> _Instructions to follow_
Using only the entries below, output the lines starting at the one containing "从半年报来看,2019年至2" and ending at the one containing "Alrededor de las", exactly and inclusive of both, omitting the pictures.

Stored records
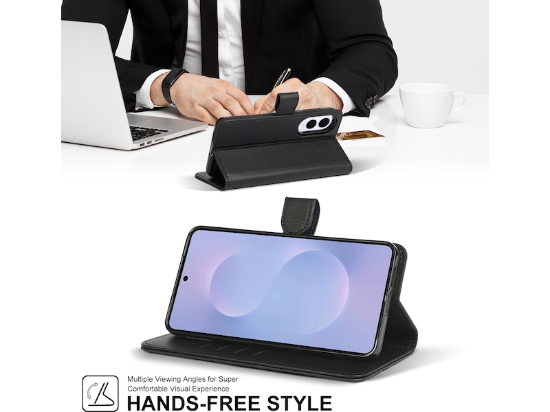 Coveret er meget let og giver god holdekomfort, når du bruger din smartphone. Fronten kan foldes til et stativ, så du kan se film eller deltage i videomøder i en perfekt vinkel! Coveret har en lomme til tre kort.
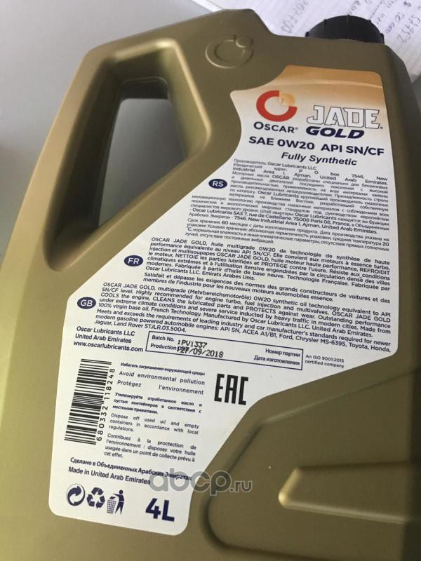 | Oscar | 680332118248 | Масло моторное синтетика Oscar Jade Gold 0W-20 4 л. | ||
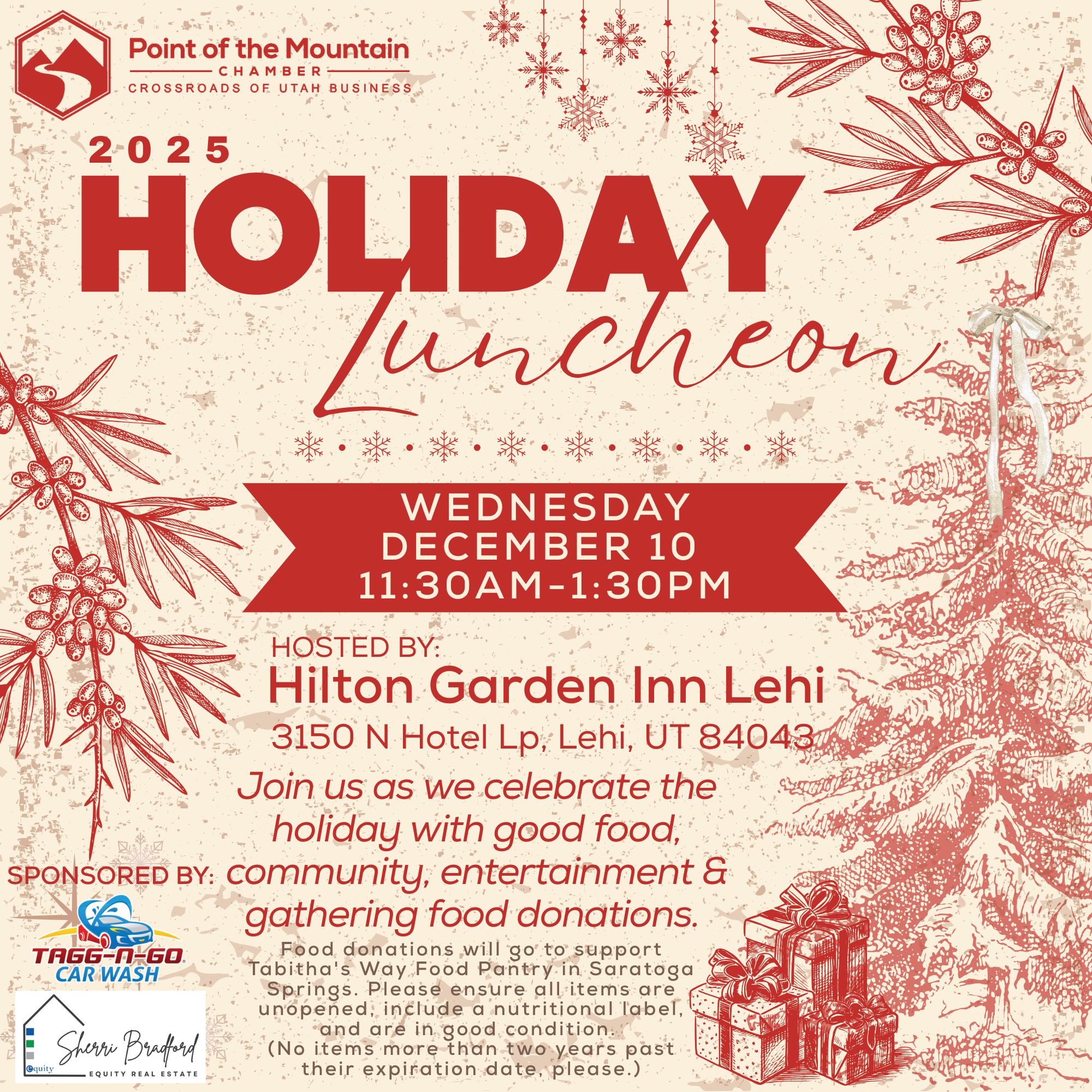 Food donations will go to support Tabitha's Way Food Pantry in Saratoga Springs. Please ensure all items are unopened, include a nutritional label, and are in good condition.
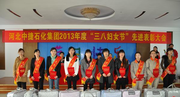 為了紀念“三八”國際勞動婦女節(jié),表彰在過去一年中表現(xiàn)突出的先進女工,中捷石化集團組織各所屬公司于2013年3月8日在華潤瀝青會議室舉辦2013年度“三八婦女節(jié)”先進表彰大會,出席本次會議的有中捷產(chǎn)業(yè)園區(qū)工會主席姜淑芹、中捷產(chǎn)業(yè)園區(qū)計生局局長楊小、中捷產(chǎn)業(yè)園區(qū)工會財務部部長朱瑞玲、集團常務副總經(jīng)理劉國新、集團副總經(jīng)理張鵬、集團總工程師耿萍。
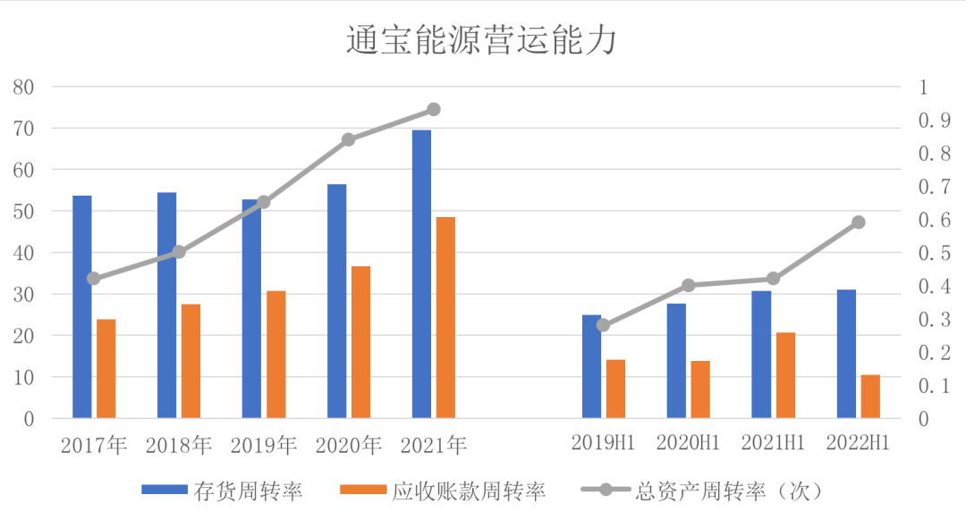 从半年报来看,2019年至2022年上半年,通宝能源的存货周转率分别为24.91、27.61、30.68、31.00,2022年上半年公司存货周转率较2021年同期相比有所上升。应收账款周转率分别为14.11、13.88、20.60、10.44,2022年上半年公司应收账款周转率较2021年同期相比有所下降。总资产周转率分别为0.28、0.40、0.42、0.59,2022年上半年公司总资产周转率较2021年同期相比有所上升。
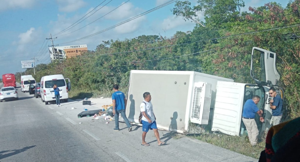 Alrededor de las 13:30 horas un camión de carga se volcó en la carretera federal en el tramo Puerto Morelos- Playa del Carmen a la altura del ranchito “Loma Bonita”. No se reportaron lesionados.
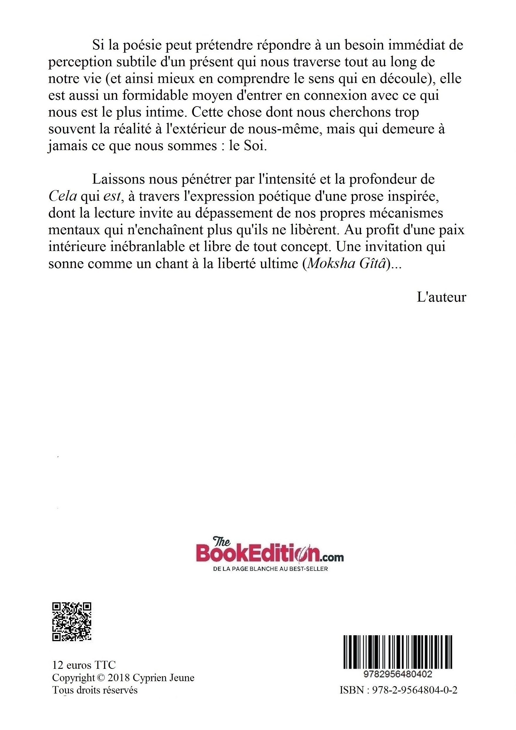 Si la poésie peut prétendre répondre à un besoin immédiat de perception subtile d'un présent qui nous traverse tout au long de notre vie, et ainsi mieux en comprendre le sens qui en découle, elle est aussi un formidable moyen d'entrer en connexion avec ce qui nous est le plus intime et dont nous cherchons trop souvent la réalité à l'extérieur de nous-même : le Soi. Sachons donc nous laisser pénétrer par l'intensité et la profondeur de ce que nous sommes réellement, à travers l'expression poétique d'une prose inspirée dont la lecture invite au dépassement de ses propres mécanismes mentaux, qui n'enchaînent plus qu'ils ne libèrent, au profit d'une paix intérieure inébranlable et libre de tout concept.
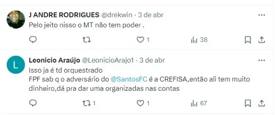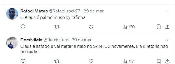 “Marcelo Teixeira precisa ser impor como Presidente do Santos e IMPEDIR o péssimo Raphael Claus de apitar o jogo. Dá tempo. É acionar o Departamento Jurídico e tomar as providências. O Santos é grande de novo ou não?“, escreveu um torcedor do Santos no X.
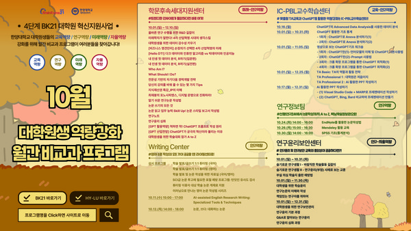 담당 부서 : 학문후속세대지원센터 게시 기간 : 2023.10.04 ~ 2023.10.17 미디어보드 newsh@hanyang.ac.kr 다른기사 보기 저작권자 © 뉴스H 무단전재 및 재배포 금지 당신만 안 본 뉴스 [포토스토리] "AI 시대 해답은 브랜딩", 오세훈 서울시장의 경영학 특강 현장 Into the Creation 2025, 창작자들의 꿈에 날개를 이찬규 학생, 사이버·우주 융합연구로 2025 사이버안보논문공모전 대상 수상 한양대, '2026 QS 지속가능성 순위' 세계 161위, 국내 4위 기록 해커톤에서 인턴십까지, 현대차 사내 스타트업에 다녀오다 [창업지원단 인턴십 경험기] [포토스토리] 한양 속에 사회혁신을 품다, SSIR 먼슬리 콜로키움 현장 행복은 좋은 경험의 ‘빈도’에서, 서은국 교수와 함께한 한양인의 힐링콘서트 현장 [포토스토리] "AI 시대 해답은 브랜딩", 오세훈 서울시장의 경영학 특강 현장 댓글삭제 삭제한 댓글은 다시 복구할 수 없습니다. 그래도 삭제하시겠습니까? 비밀번호 닫기 기사 댓글 0 댓글 접기 로그인 후 이용 가능합니다. 댓글 내용입력 비회원 로그인 이름 비밀번호 댓글 내용입력 댓글쓰기 계정을 선택하시면 로그인·계정인증을 통해 댓글을 남기실 수 있습니다. 회원 로그인 비회원 글쓰기 이름 비밀번호 자동등록방지 로그인 옵션 창닫기 기획기사 [포토스토리] "AI 시대 해답은 브랜딩", 오세훈 서울시장의 경영학 특강 현장 Into the Creation 2025, 창작자들의 꿈에 날개를 해커톤에서 인턴십까지, 현대차 사내 스타트업에 다녀오다 [창업지원단 인턴십 경험기] [포토스토리] 한양 속에 사회혁신을 품다, SSIR 먼슬리 콜로키움 현장 행복은 좋은 경험의 ‘빈도’에서, 서은국 교수와 함께한 한양인의 힐링콘서트 현장 [카드뉴스] '한양대학교 SDGs? 알고 보니 내 일상 속에 있었다!' 1편
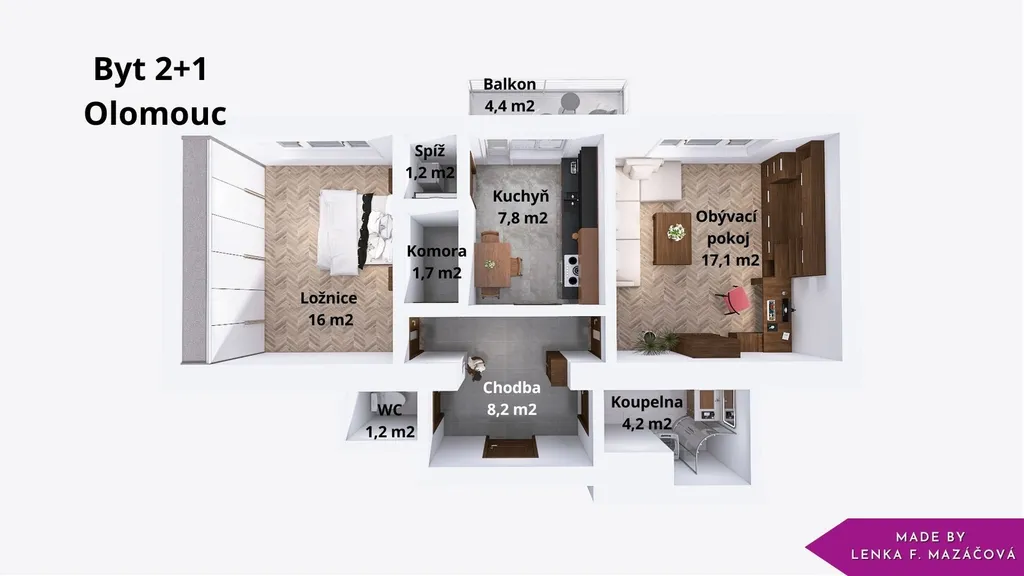 Kuchyně je plně vybavena a potěší každého, kdo má rád vaření. K dispozici je kvalitní trouba s plynovými hořáky, vestavěná myčka, jídelní stůl se čtyřmi židlemi a praktická spíž s policemi. Lednice je chytře ukrytá právě ve spíži, takže kuchyň působí čistým a elegantním dojmem. Obývací pokoj nabízí komfortní koženou sedačku (pouze 2 roky stará) a nadčasový nábytek na míru. Součástí je konferenční stolek a promyšlená obývací stěna, která kombinuje knihovnu, úložné prostory i pracovní kout s psacím stolem. V ložnici najdete velkou vestavěnou skříň, pohodlnou postel a také samostatnou šatnu – výborné místo pro organizaci oblečení, sportovních věcí i sezónních doplňků. Už při vstupu Vás uvítá prostorná chodba – skutečné srdce bytu, ze které jsou samostatné vstupy do všech neprůchozích místností. Koupelna je vybavena sprchovým koutem, umyvadlem se skříňkou a pračkou s horním plněním. WC je samostatné. Z kuchyně je vstup na balkon o ploše 4,5 m², kde si můžete vychutnat ranní kávu nebo večerní posezení.
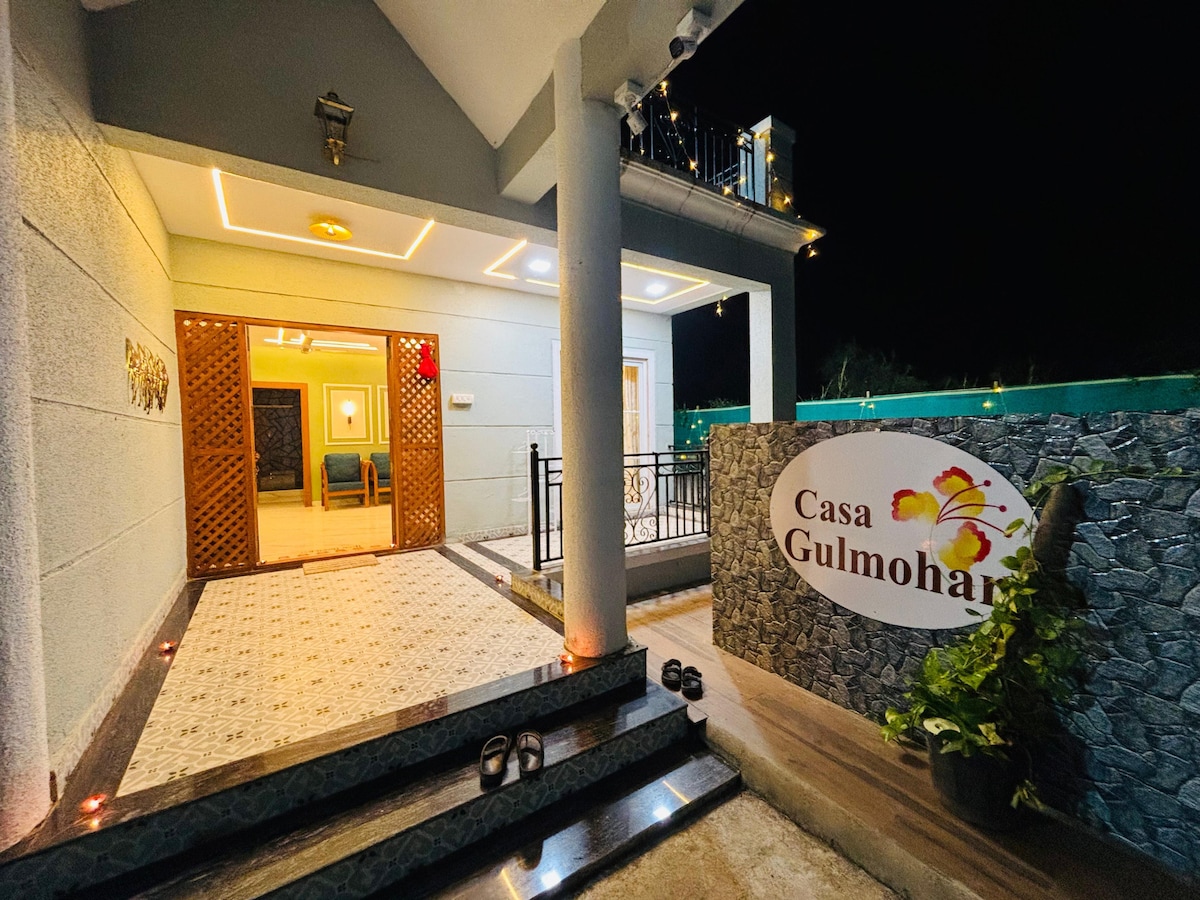 Introducción: “Perfecta para familias, grupos y amigos que buscan una villa privada con servicios de estilo resort a solo 10 minutos en auto de Mandwa Jetty”. Aspectos destacados: pileta privada, chef interno o comida auténtica maharashtriana vegetariana y no vegetariana, personal de servicio de 5 estrellas, asistencia las 24 horas, los 7 días de la semana. Desglose detallado: 4 dormitorios, 4 baños, living, cocina, jardín y kiosko exterior. Atracciones locales: playa de Saswane, deportes de playa en la playa de Awas, muelle de Mandwa, museo Karmarkar, cafés cercanos.
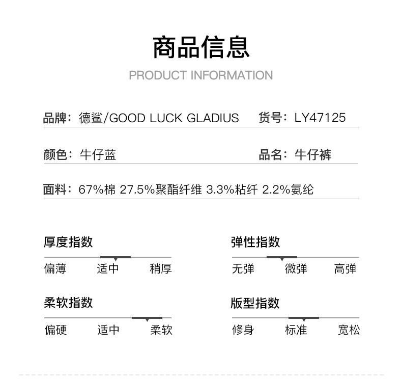 GOOD LUCK GLADIUS品牌由“浙江德鲨服饰有限公司”引进中国市场,经过多年发展,凭借完善的终端形象,规范化的销售管理,迅速赢得消费者的认可,引领国内消费流行,是成功人士首选男装品牌。
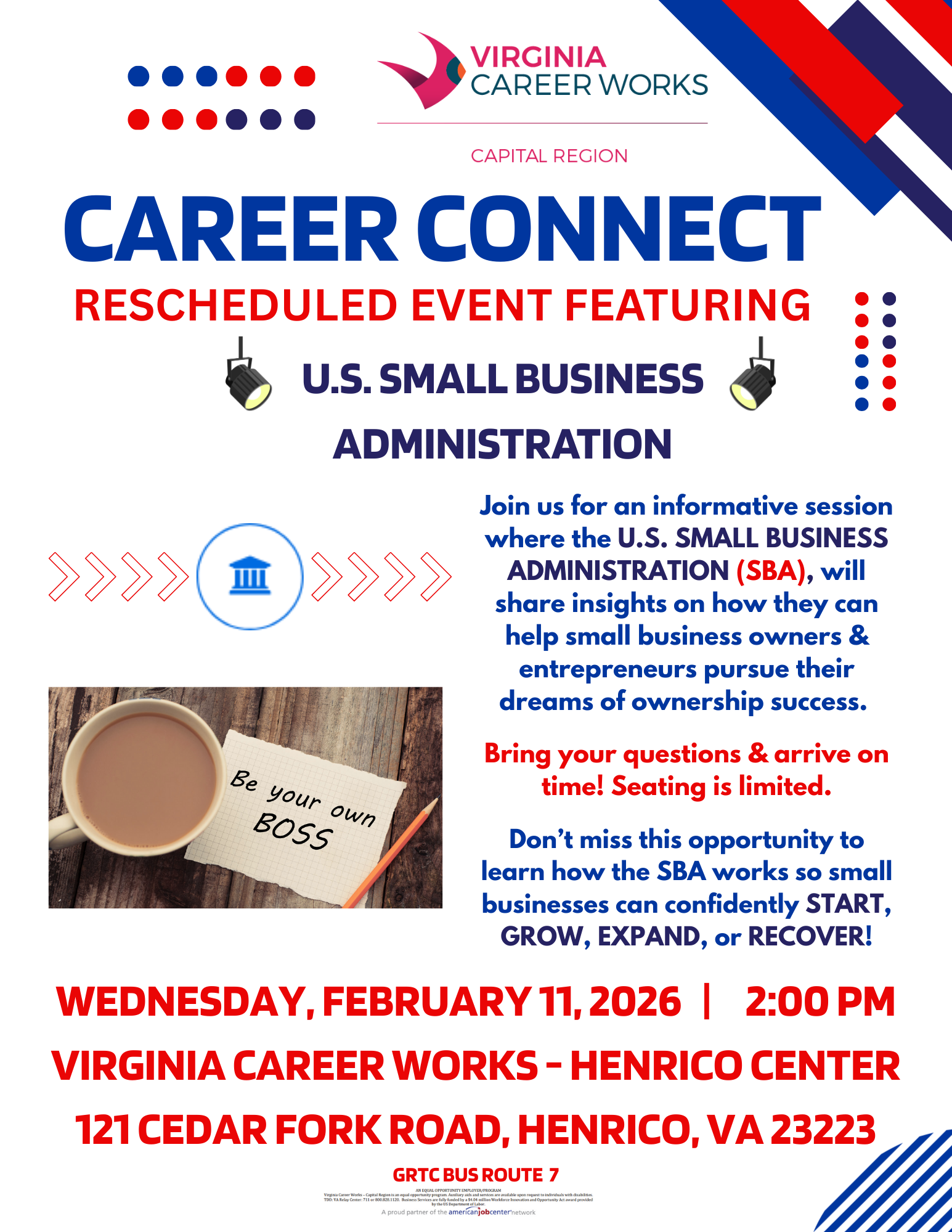 FeaturedVirginia Career Works - Henrico 121 Cedar Fork Road, Henrico, VA, United StatesVirginia Career Works - Capital Region Presents: Career Connect Featuring the U.S. Small Business Administration Are you ready to start your own business or take your small business to the next level in this New Year? Join us for an exclusive session with the U.S. Small Business Administration (SBA) and gain valuable insights, […]

> _Written answer_
 从半年报来看,2019年至2022年上半年,通宝能源的存货周转率分别为24.91、27.61、30.68、31.00,2022年上半年公司存货周转率较2021年同期相比有所上升。应收账款周转率分别为14.11、13.88、20.60、10.44,2022年上半年公司应收账款周转率较2021年同期相比有所下降。总资产周转率分别为0.28、0.40、0.42、0.59,2022年上半年公司总资产周转率较2021年同期相比有所上升。
 Alrededor de las 13:30 horas un camión de carga se volcó en la carretera federal en el tramo Puerto Morelos- Playa del Carmen a la altura del ranchito “Loma Bonita”. No se reportaron lesionados.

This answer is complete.